February 2013
Senate Pushes for Improved Composite Benefit Rate Scenario
Significant faculty concerns about a plan to implement Composite Benefit Rates on the campuses as part of the transition to a single payroll and personnel system have led to important changes in the original plan.
A Composite Benefit Rate pools all eligible benefit costs for an employee group to create an average overall percentage for employees in the group. This methodology affects benefit charges to faculty contracts and grants and consequently how budgets are prepared in proposals. Instead of charging actual benefit expenses per individual, the composite rate charges the flat percent of salary established for the employee’s group.
In summer 2012, UCOP and its consultant began briefing the Senate on a plan to reduce the number of rates charged by employee type at each UC location, with the goal of simplifying the billing system and aligning it with UCPath, the new systemwide payroll and HR system being implemented next year. UCOP had hoped to reduce the number of rates to one or two per campus. But as Senate committees convened in the fall and began reviewing some of the scenarios under consideration, many faculty were alarmed about the projected impacts on some types of faculty grants, about the treatment of summer salary, sabbaticals, and the “Y” salary for those in the Health Sciences Compensation Plan.
“Faculty were concerned that increased benefit expenses due to composite rates would harm faculty grant competitiveness and reduce graduate student support,” said Senate Vice Chair Bill Jacob. “We also argued it would be inequitable to use an academic year composite rate on summer income that is not covered compensation for UCRS.”
The Senate, with the backing of campus administrators, urged UCOP and its consultant to model multiple rates that would account for a wider variety of employee types, to add a separate rate for non-UCRP employees, and to exclude summer salary and “y” salary from modeling, since neither is UCRP-covered compensation. They also asked UCOP to extend the review period to give campuses a chance to understand the proposal and assess its impact.
UCOP responded by modeling additional rates and removing some groups from the rate calculation because they created disparities. UCOP also proposed a cap of $240K so that faculty with a large “Y” salary component would not pay benefits on salary above the cap.
The new methodology also had to pass muster with the U.S. Department of Cost Allocation (DCA), the federal agency that establishes rules for how educational institutions apply costs to contracts and grants. In December, Senate Chair Powell joined a meeting with UCOP and DCA representatives to discuss the addition of a separate rate for summer salary. This meeting yielded a better than anticipated outcome. DCA did not support a scenario that includes a separate rate for summer salaries, so the Steering Committee is recommending that summer salaries be charged a 0% rate for benefits to reduce adverse funding impacts.

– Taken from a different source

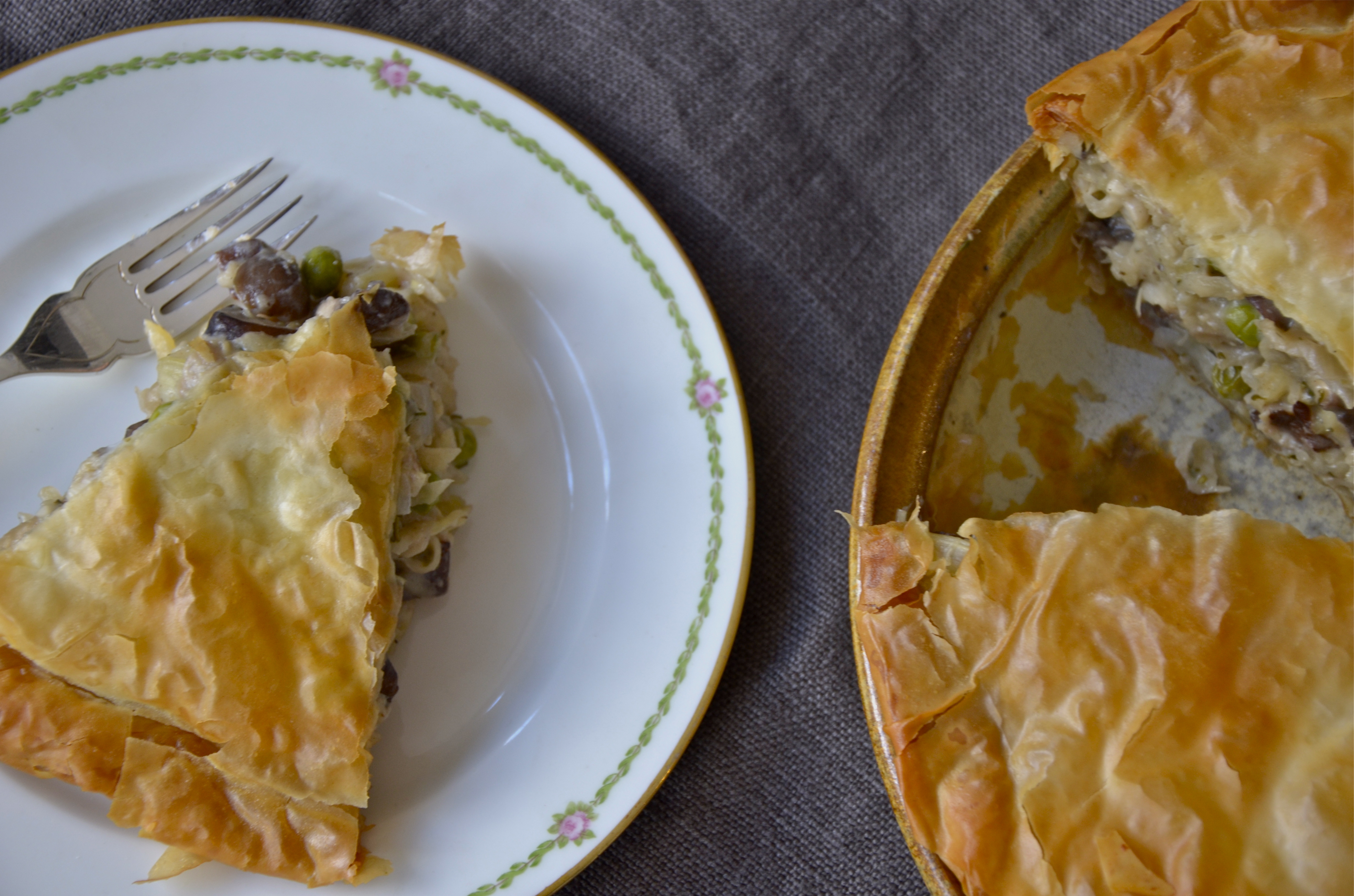 Last January I featured the Creamy Triple Mushroom Gemelli noting that every winter season should have its own favourite mushroom dish. Back in January 2011 it was Winter Portobello Stew. This January it’s this earthy, herb-infused mushroom tart with a beautifully browned flakey filo crust. It’s pretty easy to make although filo is always a little finicky. But on a dark, cold Sunday afternoon with some good music on and a winter exilir in hand like the hot apple mull, who cares? Let it take it awhile while you warm yourself by the hot stove.

Summer salaries are currently being charged benefits that average between 10-12%. Emeriti with grants will be treated similarly, since no UCRP contributions are made for them. The Steering Committee also decided not to pursue adding sabbaticals to the rates.
The latest scenario under consideration includes separate rates for (1) faculty; (2) other academics; (3) staff; (4) postdocs and employees with health benefits only; (5) interns, residents, and employees with no benefits; and, on campuses with medical centers (6) faculty on the Health Sciences Compensation Plan with “Y” salaries.
UCOP is modeling additional scenarios, but hopes to reach an agreement with campuses about a final model by late March, so they can send the model to the DCA for review in April. UCOP hopes to implement the model alongside Wave I of UCPath.
“We are pleased with this outcome and with the administration’s responsiveness to our requests for new modeling and revisions to the proposal,” said Chair Powell. “This is an example of shared governance making policy better.”